Exactly as written, print out each entry in the data, with no pictures.
◆ ◆ ◆
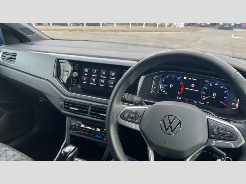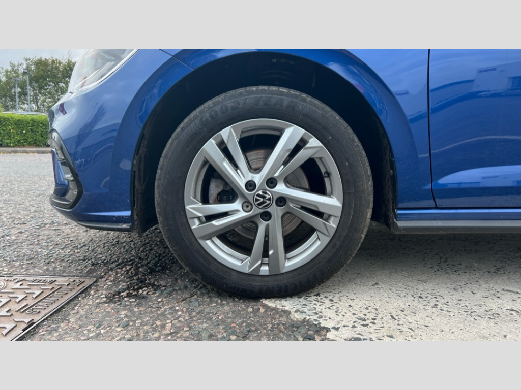 Volkswagen Polo 1.0 TSI 115 R-Line 5dr DSG Adaptive cruise control with follow-to-stop and speed limiter, Advanced driver attention and drowsiness monitor, Bluetooth mobile phone interface, Digital Cockpit Pro with 10.25" Display, Dynamic road sign display, Emergency call service, Multifunction camera, Power assisted speed sensitive steering, Preparation for We connect and We connect plus, Speedo and rev counter, electronic odometer, trip, service interval display and fuel gauge, Standard rear axle, Travel Assist - Lane keeping system and traffic jam assist, Travel assist including emergency assist, Trip computer, Warning signal and warning light for front and rear seatbelts not fastened, Washer fluid level indicator, Wireless app connect, Front wheel drive, Rear shock absorpion, Start-stop system with battery regeneration (recuperation - energy recovery during braking), DAB Digital radio, Diversity antenna for FM reception, Front and rear 6 speakers, Body colour bumpers, Body colour door handles, Electric front windows, Front scuff plates with R-Line logo, Heat insulating glass windscreen, Power folding adjustable/heated exterior mirrors and front passenger exterior mirror lowering function, Rear electric windows, Rear fog light, Rear side wing doors, Rear windscreen washer and wiper with interval delay, Third brake light, 12V power socket in centre console, 2 USB-C ports in the front, 2 USB-C charging sockets on the center console in the rear, 3 rear head restraints, 60/40 split folding rear seat and rear seat bench not split, Air care climatronic air conditoning system with active combination filter and 2-zone temperature control, Black roof lining, Carpet mats, front and rear, Chrome plated radiator grille inserts, air vent surrounds and light switch surrounds, Door and side trim panel, Driver and front passenger seat height adjustment, Driver/passenger sunvisors with illuminated vanity mirrors, Front centre armrest, Front footwell illumination, Front seat backrest storage pockets, Front sports comfort seats, Handbrake lever handle in leather, Headliner in recycled material, Isofix child seat preparation easy-fit (for two outer rear seats, and front passenger seat) compatible with I-size, Karoso artvelours cloth upholstery, Leather trimmed gear knob, LED interior light with switch off delay and dimmer, 2 reading lights front and rear, Luggage compartment cover, Luggage compartment floor, Luggage compartment lighting, Lumbar adjustment for front seats, Single front passenger seat, Stainless steel pedals, Standard pedal cluster, Three spoke leather wrapped multifunction steering wheel with shifting paddles, Light and sight pack - Polo R-Line/Black Edition, 3 point height adj front seatbelts + pretensioners, 3x3 point rear seatbelts, ABS, Driver and front passenger airbag with front passenger airbag deactivation, Drivers and front passengers safety optimised head restraints, ESC (Electronic stability control) + EDL (Electronic Differntial lock) and ASR (Traction control), Extended and predictive pedestrian/ cyclist protection, Front curtain and side airbags with center airbag, Front/rear disc brakes, Hill hold control, Manual child lock in rear doors, Single tone horn, Tyre pressure loss indicator, Alarm with interior protection, Anti-theft alarm system with interior monitoring, backup horn, and towing protection, Anti-theft wheel bolts, Electronic engine immobiliser, Chrome applications on rotary light, mirror adjustment, window regulator switches, outlet with frame in black, Dark grey anodised matt decorative inserts in dash and front door panels, 16" Coventry alloy wheels, Low rolling resistance tyres
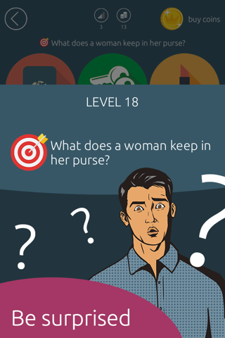 Score a stunning victory! Start playing right now! OK, enough with the stereotypes already. The goal of this game is to match suitable pictures to words. For example: what does a woman keep in her purse?
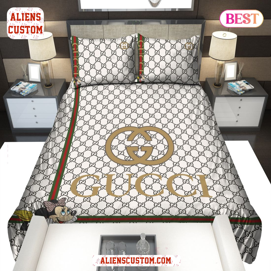 Alienscustom – Buy Gold Gucci Mickey Mouse Bedding Sets Bed Sets, Bedroom Sets, Comforter Sets, Duvet Cover, Bedspread
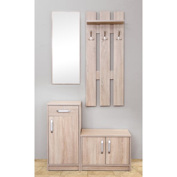 Předsíň WALA Věšák šířka 49 cm výška 120 cm hloubka 24 cm Zrcadlo šířka 37 cm výška 92 cm hloubka 2 cm Skříňka Wala nízka šířka 60 cm výška 43 cm hloubka 37 cm Sříňka Wala vysoká šířka 40 cm výška 80 cm hloubka 37 cm
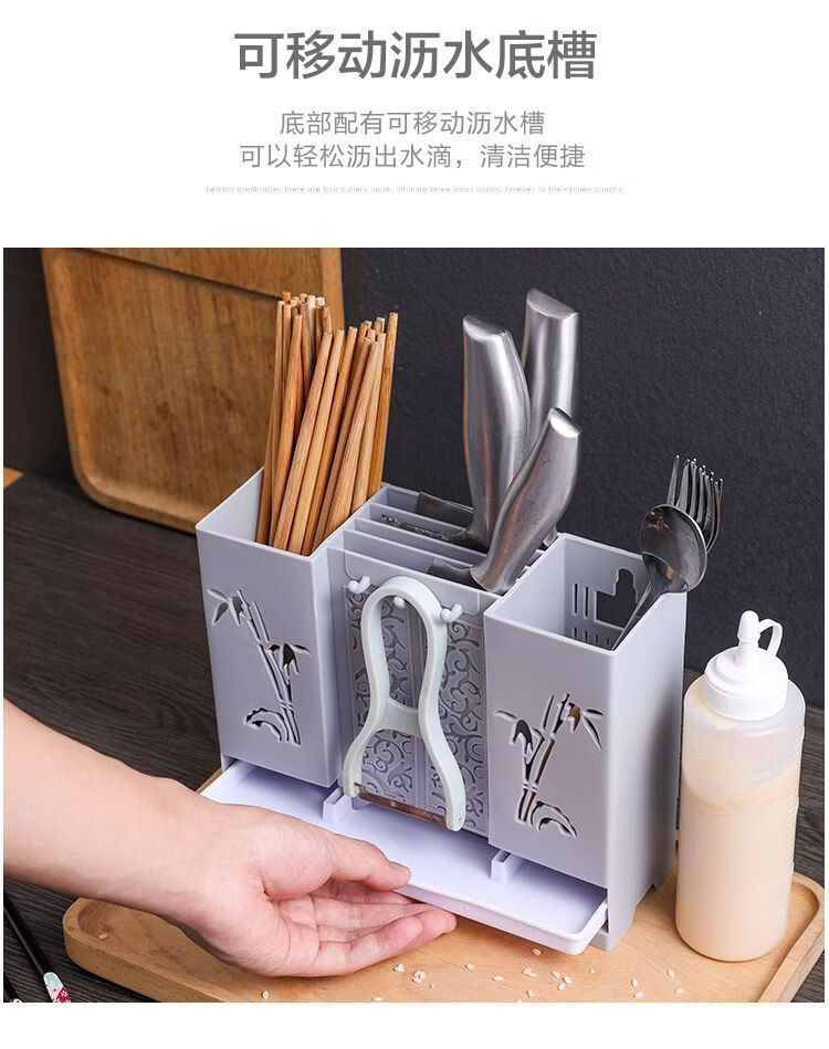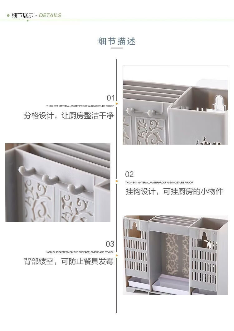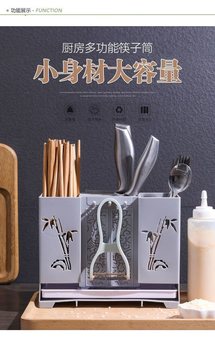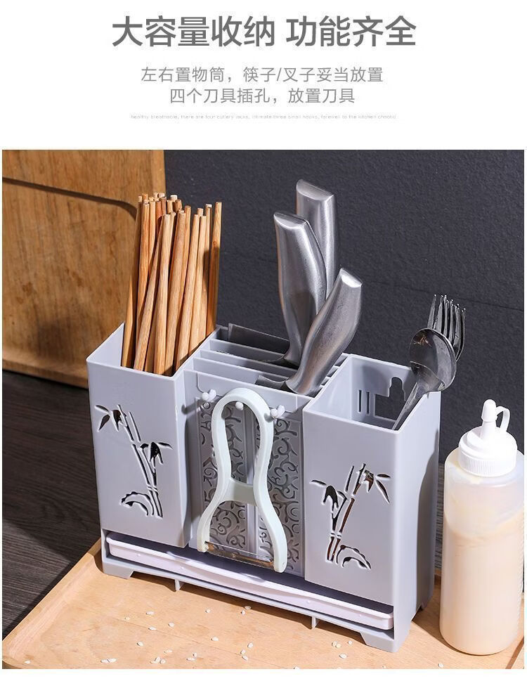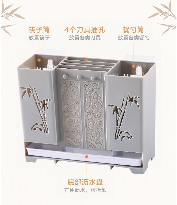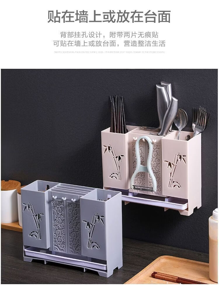 咏夏厨房家用筷子筒多功能壁挂筷笼子创意沥水筷子笼筷子勺子餐具收纳 可挂可立可沥水【加厚筷子笼】蓝色 +贴片2个
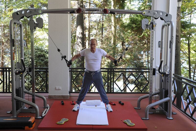 Russian President Vladimir Putin exercises in a gym at the Bocharov Ruchei state residence in Sochi, Russia, August 30, 2015.
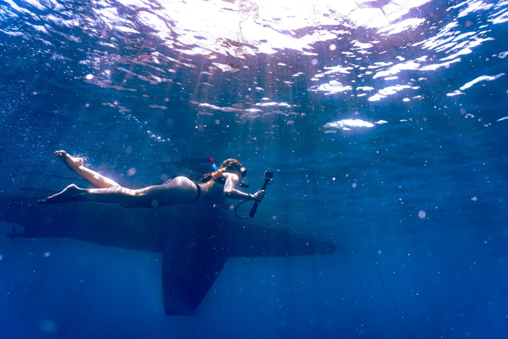 “Look over there! A breath!” That’s the signal. The deck is abuzz with excitement. Some pointed to the north-west, while Gilles, a captain well versed in such missions, luffed up and kept his cool. Then nothing, just silent waiting. The beast’s breath has disappeared, but the fever is still there, making our eyes squint into the sun-dappled distance. Then suddenly a breath, then a second, and then another, sprays of water betraying their glittering dust above the azure immensity. With each new plume, we correct our course, gradually approaching the mammals, which we can only guess are huge. Maude and Aurélie’s excitement is palpable. The two eco-volunteers have signed up for the week with the Swiss Cetacean Society (SCS), keen to advance the science and protection of marine mammals. Charlotte and Jodie, the two passionate volunteer guides, scan the scene through their lenses, spotting two 20-metre rorquals. A common dolphin appears in front of the bow, showing off its yellow plastron as it twirls under the bow. Other stenellae coeruleoalbae – or blue-and-white dolphins – dart gently around two huge foaming footprints: where, with a final stroke of their flukes after filling their lungs with oxygen, the whales have just sounded and disappeared into the depths. Barely holding back her emotion, Charlotte explains: “It’s just incredible. The common dolphin has long been threatened with extinction. And here we have an individual in the presence of two fin whales. It’s just crazy!”
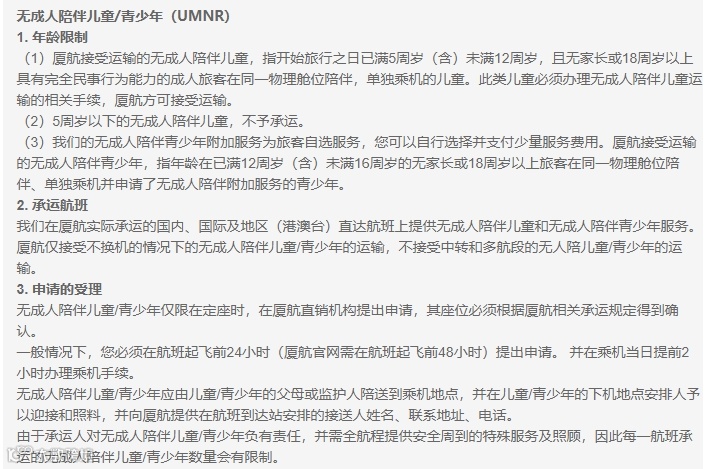 另外厦航仅接受不换机的情况下的无成人陪伴儿童/青少年的运输,不接受中转和多航段的无人陪儿童/青少年的运输。
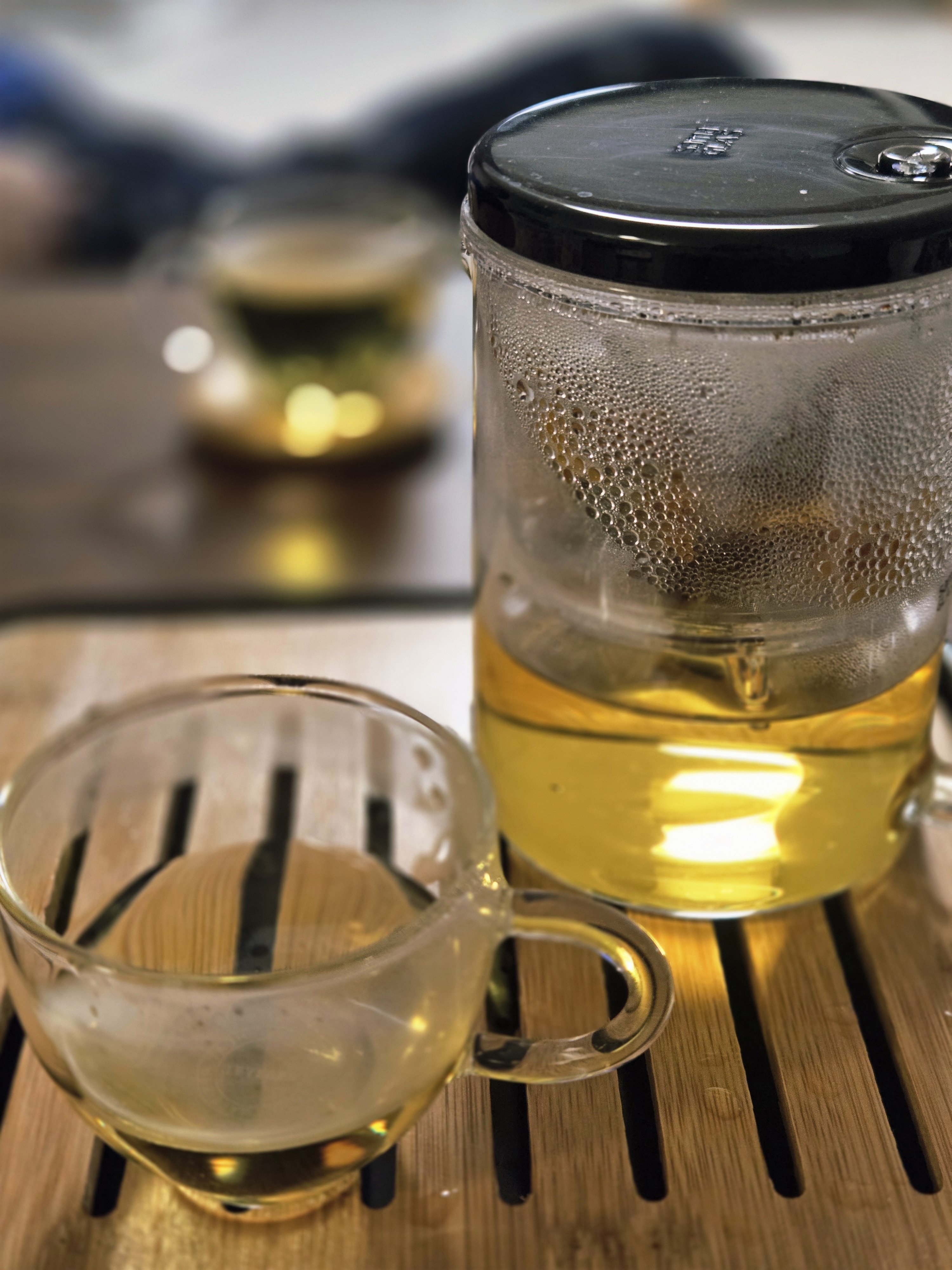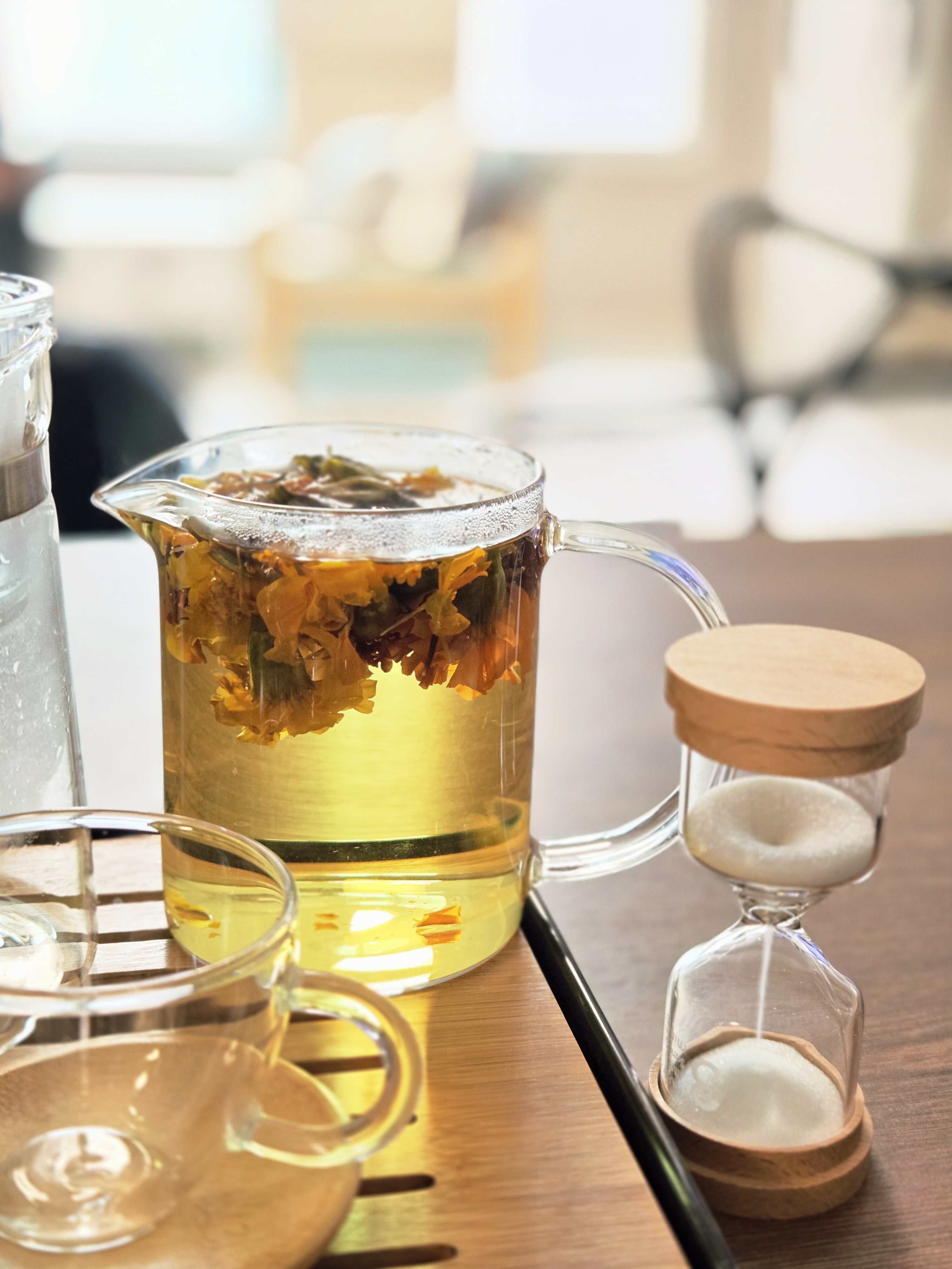 투명한 티팟에 따뜻한 물을 붓자
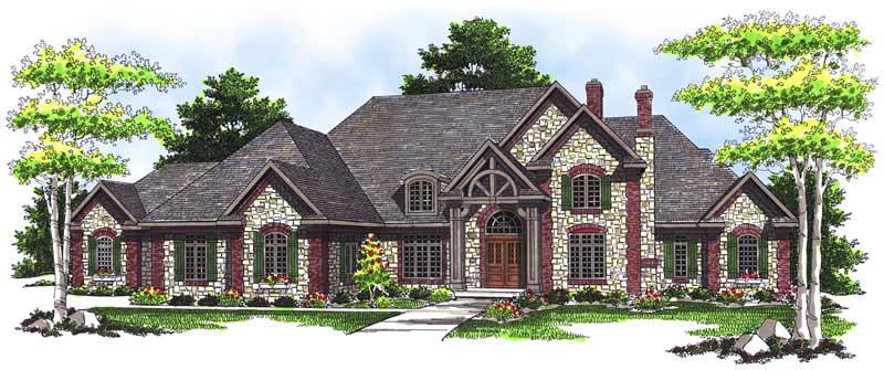Stately elegance and affluent taste create a rich stone-and-brick facade, met by a floor plan that that has it all! The design begins with a grand foyer with a gracefully arched stairway. From the entry, you can go through French doors to the study, or under arches to the formal dining room and gracious living room. The kitchen is created with conversation in mind as it flows into the cheerful nook and family room making the perfect area for casual gatherings. The main-level master suite is highlighted by a romantic fireplace, private porch, his and hers walk-in closets and an opulent...
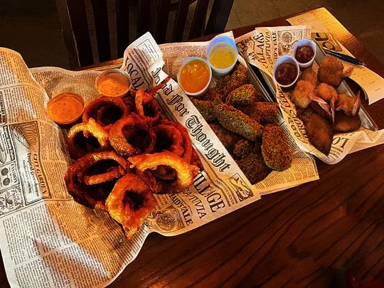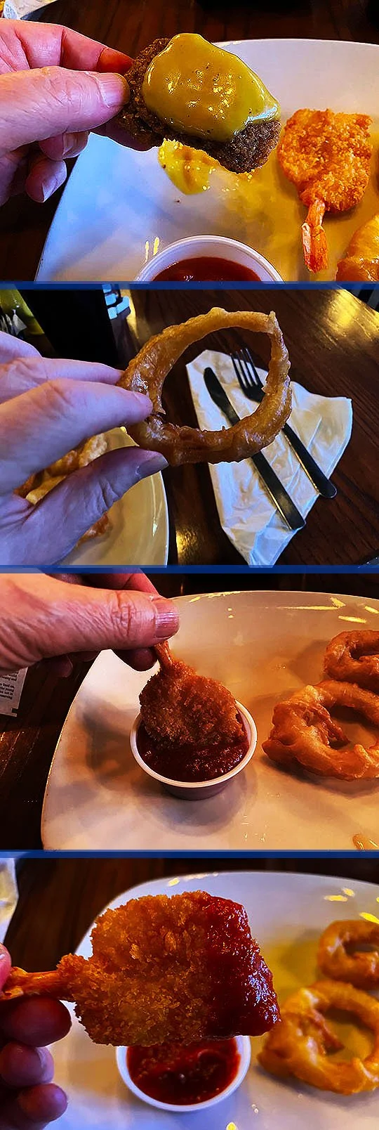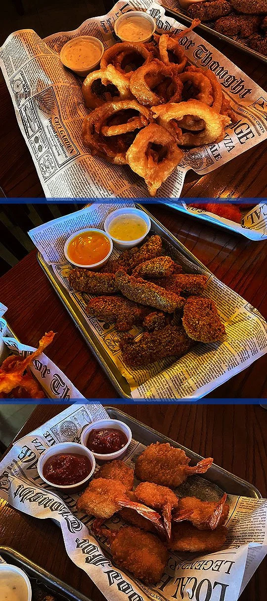 From the top we got: an order of their homemade onion rings, the Mushroom Fries and an order of the Ale Battered Shrimp.
◆ ◆ ◆
Exercise response:
 Volkswagen Polo 1.0 TSI 115 R-Line 5dr DSG Adaptive cruise control with follow-to-stop and speed limiter, Advanced driver attention and drowsiness monitor, Bluetooth mobile phone interface, Digital Cockpit Pro with 10.25" Display, Dynamic road sign display, Emergency call service, Multifunction camera, Power assisted speed sensitive steering, Preparation for We connect and We connect plus, Speedo and rev counter, electronic odometer, trip, service interval display and fuel gauge, Standard rear axle, Travel Assist - Lane keeping system and traffic jam assist, Travel assist including emergency assist, Trip computer, Warning signal and warning light for front and rear seatbelts not fastened, Washer fluid level indicator, Wireless app connect, Front wheel drive, Rear shock absorpion, Start-stop system with battery regeneration (recuperation - energy recovery during braking), DAB Digital radio, Diversity antenna for FM reception, Front and rear 6 speakers, Body colour bumpers, Body colour door handles, Electric front windows, Front scuff plates with R-Line logo, Heat insulating glass windscreen, Power folding adjustable/heated exterior mirrors and front passenger exterior mirror lowering function, Rear electric windows, Rear fog light, Rear side wing doors, Rear windscreen washer and wiper with interval delay, Third brake light, 12V power socket in centre console, 2 USB-C ports in the front, 2 USB-C charging sockets on the center console in the rear, 3 rear head restraints, 60/40 split folding rear seat and rear seat bench not split, Air care climatronic air conditoning system with active combination filter and 2-zone temperature control, Black roof lining, Carpet mats, front and rear, Chrome plated radiator grille inserts, air vent surrounds and light switch surrounds, Door and side trim panel, Driver and front passenger seat height adjustment, Driver/passenger sunvisors with illuminated vanity mirrors, Front centre armrest, Front footwell illumination, Front seat backrest storage pockets, Front sports comfort seats, Handbrake lever handle in leather, Headliner in recycled material, Isofix child seat preparation easy-fit (for two outer rear seats, and front passenger seat) compatible with I-size, Karoso artvelours cloth upholstery, Leather trimmed gear knob, LED interior light with switch off delay and dimmer, 2 reading lights front and rear, Luggage compartment cover, Luggage compartment floor, Luggage compartment lighting, Lumbar adjustment for front seats, Single front passenger seat, Stainless steel pedals, Standard pedal cluster, Three spoke leather wrapped multifunction steering wheel with shifting paddles, Light and sight pack - Polo R-Line/Black Edition, 3 point height adj front seatbelts + pretensioners, 3x3 point rear seatbelts, ABS, Driver and front passenger airbag with front passenger airbag deactivation, Drivers and front passengers safety optimised head restraints, ESC (Electronic stability control) + EDL (Electronic Differntial lock) and ASR (Traction control), Extended and predictive pedestrian/ cyclist protection, Front curtain and side airbags with center airbag, Front/rear disc brakes, Hill hold control, Manual child lock in rear doors, Single tone horn, Tyre pressure loss indicator, Alarm with interior protection, Anti-theft alarm system with interior monitoring, backup horn, and towing protection, Anti-theft wheel bolts, Electronic engine immobiliser, Chrome applications on rotary light, mirror adjustment, window regulator switches, outlet with frame in black, Dark grey anodised matt decorative inserts in dash and front door panels, 16" Coventry alloy wheels, Low rolling resistance tyres
 Score a stunning victory! Start playing right now! OK, enough with the stereotypes already. The goal of this game is to match suitable pictures to words. For example: what does a woman keep in her purse?
 Alienscustom – Buy Gold Gucci Mickey Mouse Bedding Sets Bed Sets, Bedroom Sets, Comforter Sets, Duvet Cover, Bedspread
 Předsíň WALA Věšák šířka 49 cm výška 120 cm hloubka 24 cm Zrcadlo šířka 37 cm výška 92 cm hloubka 2 cm Skříňka Wala nízka šířka 60 cm výška 43 cm hloubka 37 cm Sříňka Wala vysoká šířka 40 cm výška 80 cm hloubka 37 cm
 咏夏厨房家用筷子筒多功能壁挂筷笼子创意沥水筷子笼筷子勺子餐具收纳 可挂可立可沥水【加厚筷子笼】蓝色 +贴片2个
 Russian President Vladimir Putin exercises in a gym at the Bocharov Ruchei state residence in Sochi, Russia, August 30, 2015.
 “Look over there! A breath!” That’s the signal. The deck is abuzz with excitement. Some pointed to the north-west, while Gilles, a captain well versed in such missions, luffed up and kept his cool. Then nothing, just silent waiting. The beast’s breath has disappeared, but the fever is still there, making our eyes squint into the sun-dappled distance. Then suddenly a breath, then a second, and then another, sprays of water betraying their glittering dust above the azure immensity. With each new plume, we correct our course, gradually approaching the mammals, which we can only guess are huge. Maude and Aurélie’s excitement is palpable. The two eco-volunteers have signed up for the week with the Swiss Cetacean Society (SCS), keen to advance the science and protection of marine mammals. Charlotte and Jodie, the two passionate volunteer guides, scan the scene through their lenses, spotting two 20-metre rorquals. A common dolphin appears in front of the bow, showing off its yellow plastron as it twirls under the bow. Other stenellae coeruleoalbae – or blue-and-white dolphins – dart gently around two huge foaming footprints: where, with a final stroke of their flukes after filling their lungs with oxygen, the whales have just sounded and disappeared into the depths. Barely holding back her emotion, Charlotte explains: “It’s just incredible. The common dolphin has long been threatened with extinction. And here we have an individual in the presence of two fin whales. It’s just crazy!”
 另外厦航仅接受不换机的情况下的无成人陪伴儿童/青少年的运输,不接受中转和多航段的无人陪儿童/青少年的运输。
 투명한 티팟에 따뜻한 물을 붓자
Stately elegance and affluent taste create a rich stone-and-brick facade, met by a floor plan that that has it all! The design begins with a grand foyer with a gracefully arched stairway. From the entry, you can go through French doors to the study, or under arches to the formal dining room and gracious living room. The kitchen is created with conversation in mind as it flows into the cheerful nook and family room making the perfect area for casual gatherings. The main-level master suite is highlighted by a romantic fireplace, private porch, his and hers walk-in closets and an opulent...
 From the top we got: an order of their homemade onion rings, the Mushroom Fries and an order of the Ale Battered Shrimp.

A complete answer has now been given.